The road has a lot of big rocks and curves, so it’s like driving an obstacle course…careening through the sand, banking curves, dodging cedar trees. Just about the time I decide I don’t have the guts for it, and begin looking for a place to safely turn around, I meet a man coming in a truck camper from the opposite direction. It’s the first time I have slowed down in miles, but I have no choice, as it’s all “single track.” My hands are visibly shaking. I tell him I am giving up and turning around. He asks, “Why would you want to do that? It doesn’t get any better, but it doesn’t get any worse. You may as well keep going!” So I did…
There’s only one other car in the parking lot when I arrive…a group of Asians. Only one of them speaks English. I ask if they weren’t scared driving that road. He says, “No, I have five people to push!” Good point.

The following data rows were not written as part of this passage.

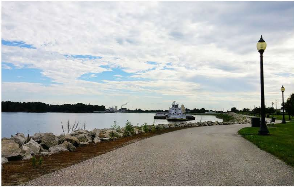
Running River Trail System Muscatine, IA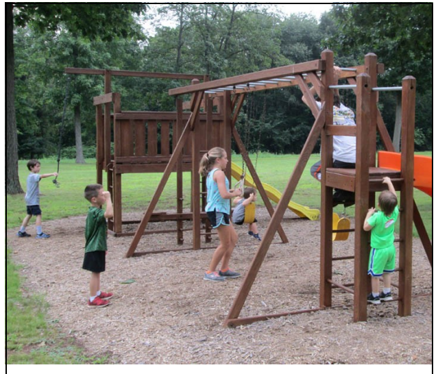
Thanks to those who spend many hours working at the Grove. Everything looks so nice. Your work is always appreciated.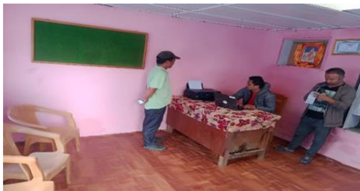
Field office set-up in Phaplu.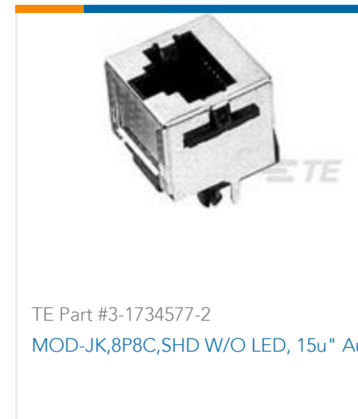
TE Part #3-1734577-2 MOD-JK,8P8C,SHD W/O LED, 15u" Au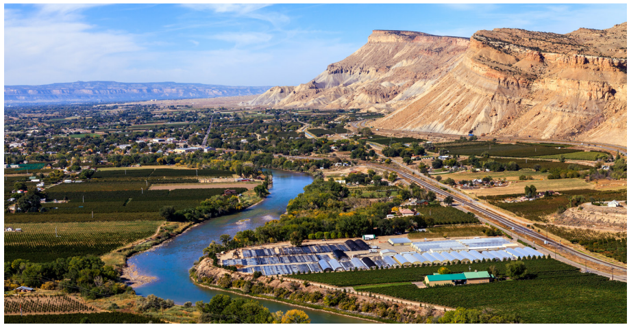
View of Mt. Garfield & Colorado River from Palisade

It’s a beautiful evening with an incredible sunset, the sun dropping low in the sky under wispy cloud cover. By time I pitch my tent, the Asians have left and two older men with a car load of camera equipment have arrived. We are the only two tents in the area. There is a late-rising thumbnail moon, and the stars are more brilliant than I remember ever seeing. I try taking some photos using the Tracker as a tripod, but once again my nighttime point and shoot photography falls short.

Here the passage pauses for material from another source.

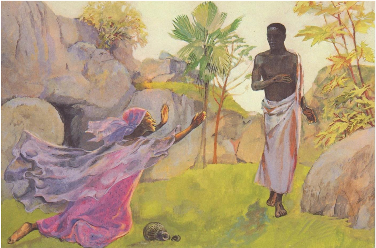
JESUS MAFA. Easter - Christ appears to Mary

A congregation of the Presbyterian Church (U.S.A)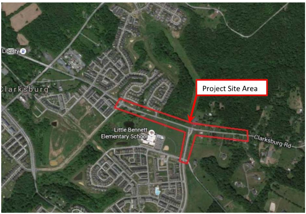
Figure 2. Project Location

Unfortunately, I awake to cloudy skies the next morning. Rain is in the forecast for the following day, but today was supposed to be “partly cloudy.” They should have dropped the “partly.” But the three of us head into the site in hopes that conditions improve. With only one other tent in the area belonging to the two photographers, I am surprised to see the Asians come marching in single file, all wearing bright red rain jackets and carrying large tripods over their shoulder. They have spent the night further down the road.
The cloud cover thickens, and the Asian says it’s going to rain. I say no, the forecast says not until tomorrow. His red raincoat proves to be a wise choice.
I had planned to spend a good part of the day exploring further, but it suddenly occurs to me that the heavy cloud cover and beginning drizzle might discourage other tourists. Heavier rain is predicted for tomorrow. I don’t want to be the last car at the end of the road, in case I get stuck with no one behind me!
The drive out is just as harrowing as the drive in. I planned to attempt some photographs of the crazy road on the way out, but that is out of the question. I never slow down all the way out. With only two cars behind me, there is no time to lose.
I arrive back to the Winnie without incident by around 2:00pm. I don’t typically drink so early in the afternoon, but I toss back a couple of glasses of “relief” while watching the rain clouds roll in from across the canyon…
(Note: A special thanks to Pam and Gaelyn, and an added shout out to Adam and Jenny at YourHikeGuide who sent me a map of the area in pdf format. Your words of encouragement were greatly appreciated!)